今回の報道で明らかになった産業革新機構の再建案は、シャープの液晶事業を分社して、同機構が液晶新会社に2000億円規模の出資をするというもの。産業革新機構が新会社の株式9割を取得し、将来的には筆頭株主となっているジャパンディスプレイ(JDI)と統合させることも視野に入れているとしています。

先の報道では、日本勢の競争力を強化したい産業革新機構が官庁主導になることを懸念し、JDIがシャープの液晶事業を直接買収することになるとも報じられていましたが(過去記事)、昨年末より続いていた協議は最終的に、産業革新機構の事業支援を受ける内容で最終局面を迎えているようです。

産業革新機構の提案を受けて開始された最終協議では、シャープの主力取引銀行2行を交え、先述したホンハイの提案との比較検討がなされている模様です。

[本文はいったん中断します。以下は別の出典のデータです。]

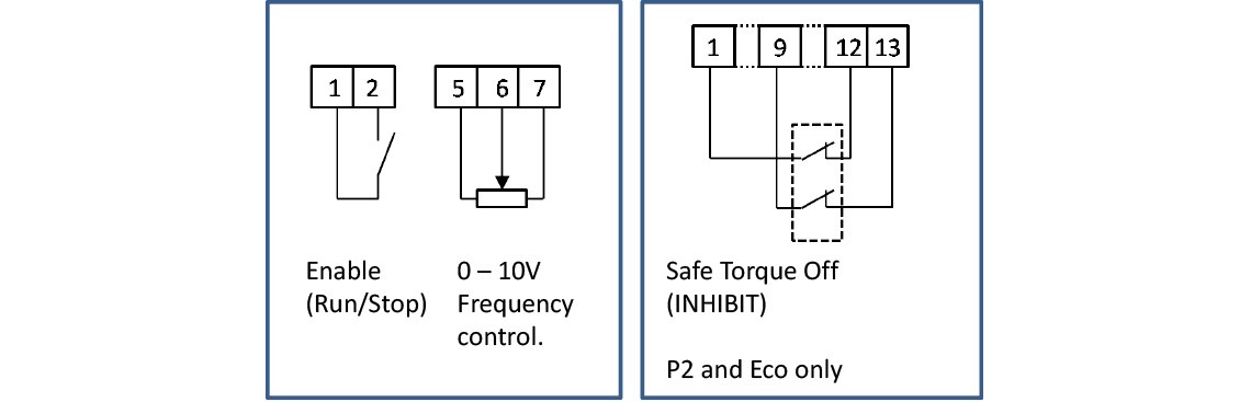 En unidades como las P2 y Eco (pero no E3) se requieren conexiones adicionales (por ejemplo, enlaces) desde los terminales Safe Torque Off a los terminales de 0V y 24V. Si no lo has hecho, la pantalla mostrará INHIBIT.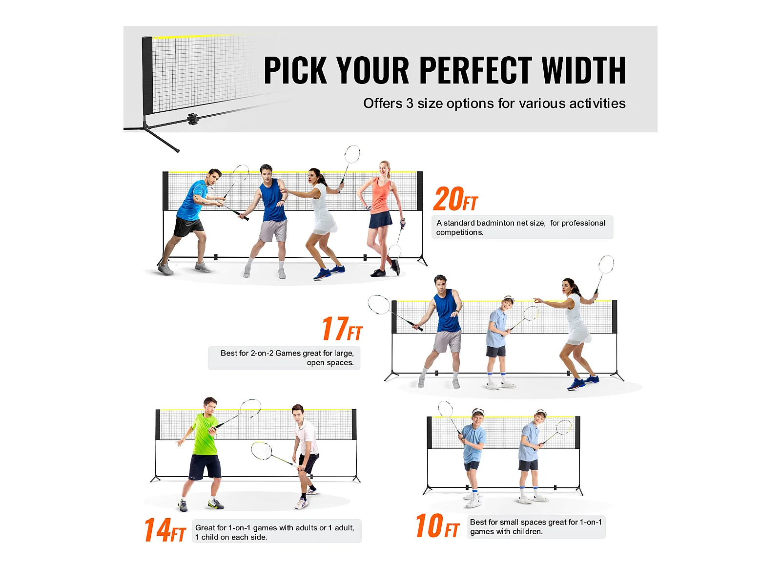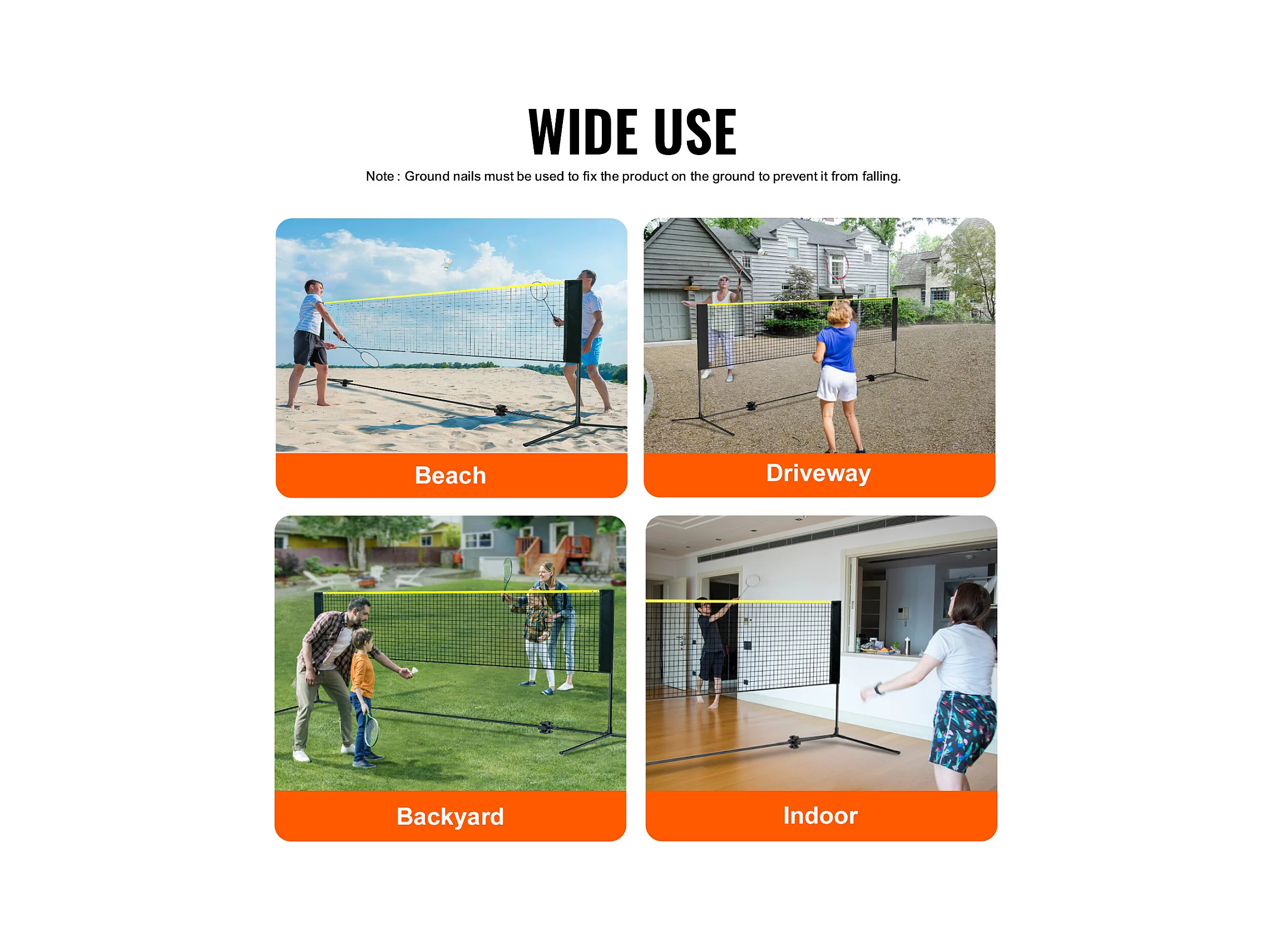Filet de Badminton SucceBuy de Ensemble, 427 cm, Filet de Tennis de Pickleball de Volley-Ball Extérieur Portable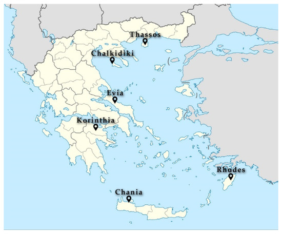 Figure 1. Locations of collected pine honey samples across Greece.

産業革新機構の再建案では、液晶の他に白物家電などの事業でも他社との再編を含めて支援することが盛り込まれているといいます。同機構は、シャープ本体にも第3者割当増資を引き受けるなどして資本を投入する方向で、官庁が主導して日本の電機産業の競争力向上に繋げたい考えです。

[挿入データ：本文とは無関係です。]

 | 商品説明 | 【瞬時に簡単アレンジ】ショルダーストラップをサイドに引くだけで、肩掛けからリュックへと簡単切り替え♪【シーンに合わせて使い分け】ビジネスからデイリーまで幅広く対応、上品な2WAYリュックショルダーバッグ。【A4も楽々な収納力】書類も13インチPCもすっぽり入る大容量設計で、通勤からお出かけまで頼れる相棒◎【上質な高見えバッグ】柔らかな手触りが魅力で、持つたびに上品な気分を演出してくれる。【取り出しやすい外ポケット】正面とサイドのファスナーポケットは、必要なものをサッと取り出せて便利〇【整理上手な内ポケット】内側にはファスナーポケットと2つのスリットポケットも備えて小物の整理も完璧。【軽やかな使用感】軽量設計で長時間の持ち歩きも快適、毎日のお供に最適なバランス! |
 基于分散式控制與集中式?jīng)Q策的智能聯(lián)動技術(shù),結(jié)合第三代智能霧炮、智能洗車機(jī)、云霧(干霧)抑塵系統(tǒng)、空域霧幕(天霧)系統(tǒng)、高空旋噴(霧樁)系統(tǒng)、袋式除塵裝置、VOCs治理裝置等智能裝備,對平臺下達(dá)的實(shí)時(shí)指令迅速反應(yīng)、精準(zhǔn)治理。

最近では、米アップルがサムスンやLGなどの韓国勢が得意とする有機ELディスプレイに興味を示しているとも報じられており、2018年以降、スマートフォン向けパネルの主流が変わる可能性もあります(過去記事)。日本ではJDIとシャープがそれぞれ有機ELディスプレイの研究開発を進めていると伝えられており、今後統合されることがあれば開発力と生産設備が増強され、日本勢として有機ELディスプレイの出荷に名乗りをあげる動きも見えてくるかもしれません。

日本経済新聞は、「シャープとしては雇用維持などを想定した場合、革新機構の本体出資などの再建案を最優先に検討していく」ことになるだろうとしており、産業革新機構の再建案が一歩リードしているようです。